一方、代理出産に関する科学的な研究について、国の厳重な管理のもとで試行的に実施する方法があると言及している。具体的な実施方法については国が検討し、20~30年にわたり、生まれた子の成長過程や出産した女性の健康状況について報告義務を課すなど慎重な検討を求める声も出ている。

と書かれています。この試行的実施って,脱法行為として機能するおそれはないんでしょうか。

また,臨床試験としてではあれ,国が女性をいわば産む機械として扱うことを正面から認めるということであり,人間の尊厳を踏みにじるもので許されないのではないかという気がします。

代理出産の規制に反して生まれてきた子どもの戸籍上の扱いについては,記事で見る限りでは報告書上触れられていないようですが,別記事(「代理出産と戸籍上の取扱い」)で述べたとおり,代理出産者を実母とした上で,やむを得ない場合(代理出産者の養育が期待できない場合)に限り特別養子同様の手続を経て依頼者が親となれる手続を経させるべきでしょう。子どもがほしいという熱心さのあまり,子どもができた時点で燃え尽きてしまうことも考えられますし,目的達成のために人の身体に負担をかけることをいとわない人たちに本当に子どもの養育を任せてよいのかは慎重に考えるべきだからです。

代理出産~自分が代理母になる場合はどうなんだろう?

代理出産と戸籍上の取扱い

臓器移植・代理出産等で無償性を強調することの欺瞞

代理出産~自分が代理母になる場合はどうなんだろう?2007年06月22日

代理出産容認54% 自分なら利用10% 厚労省調べasahi.com

生殖補助医療について厚生労働省が実施した国民の意識調査で、子どもをほかの女性に産んでもらう代理出産を「社会的に認めてよい」とした人が54%にのぼったことが21日わかった。「認められない」は16%にとどまった。代理出産の是非などを巡っては、厚労省などの依頼で日本学術会議が年内にも結論を出す予定で議論を進めており、今回の調査結果は影響を与えそうだ。

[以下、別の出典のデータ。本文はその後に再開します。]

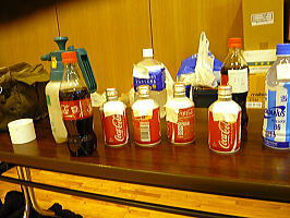 ブラストベンチの机にズラリと並んだコーラ。マラソンランナーは競技中に炭酸を抜いたコーラを飲むとは聞きますが…。 たくさん飲むと骨が溶けるよ <昭和の発想

調査は3月、一般国民(20~69歳の男女)5000人と小児科や産婦人科の医師らを対象に行った。

アンケートを取る際の情報の提供の仕方はどんなものだったのでしょうか。

代理出産については依頼者となる女性の側の卵子排出時の苦労の問題や,代理出産する女性の側の身体の危険,代理出産する女性に契約上課せられる種々の制約,代理母が出産経験者の場合の,既に生まれた子どもの精神に与える影響など,代理出産の具体的実態について知らされた上で調査しなければ,単に「子どもがほしいけどできない人がいるからかわいそう」という感情から賛成する人が増える気がします。

アンケートに当たっては,例えばこちらのページに書いてあることくらいは読んでもらうべきだったように思います。

代理母/代理母出産/代理出産arsvi.com

さて、妊娠期間中、代理母は妊婦服を買う費用として 200ドルを受け取る。交通費として 1.6キロメートルごとに15セントが支払われる。出産経費をカバーする医療保険に入るかどうかは代理母側の責任とされている。

人工授精は6月カ間、月2回、妊娠しなかったら計画からはずされ、新しい代理母に この場合、報酬は受けない 流産した場合も報酬はなし 死産の場合は契約を完了したとみなされる ……

ところでこの調査,記事の以下の部分を見ると,自分が代理出産を依頼する側に回ることだけ考えさせているかのようにも見えます。

ただ、自分が子どもに恵まれない場合の代理出産については「利用したい」が10%、「配偶者が賛成したら利用したい」が41%。これに対し「配偶者が望んでも利用しない」も48%おり、より慎重な傾向がうかがえた。

代理出産をしてもらう女性は誰がいいか(複数回答)は「姉妹」が38%で最も多く、「分からない」が34%。「仲介業者から紹介される女性」28%、「母親」16%だった。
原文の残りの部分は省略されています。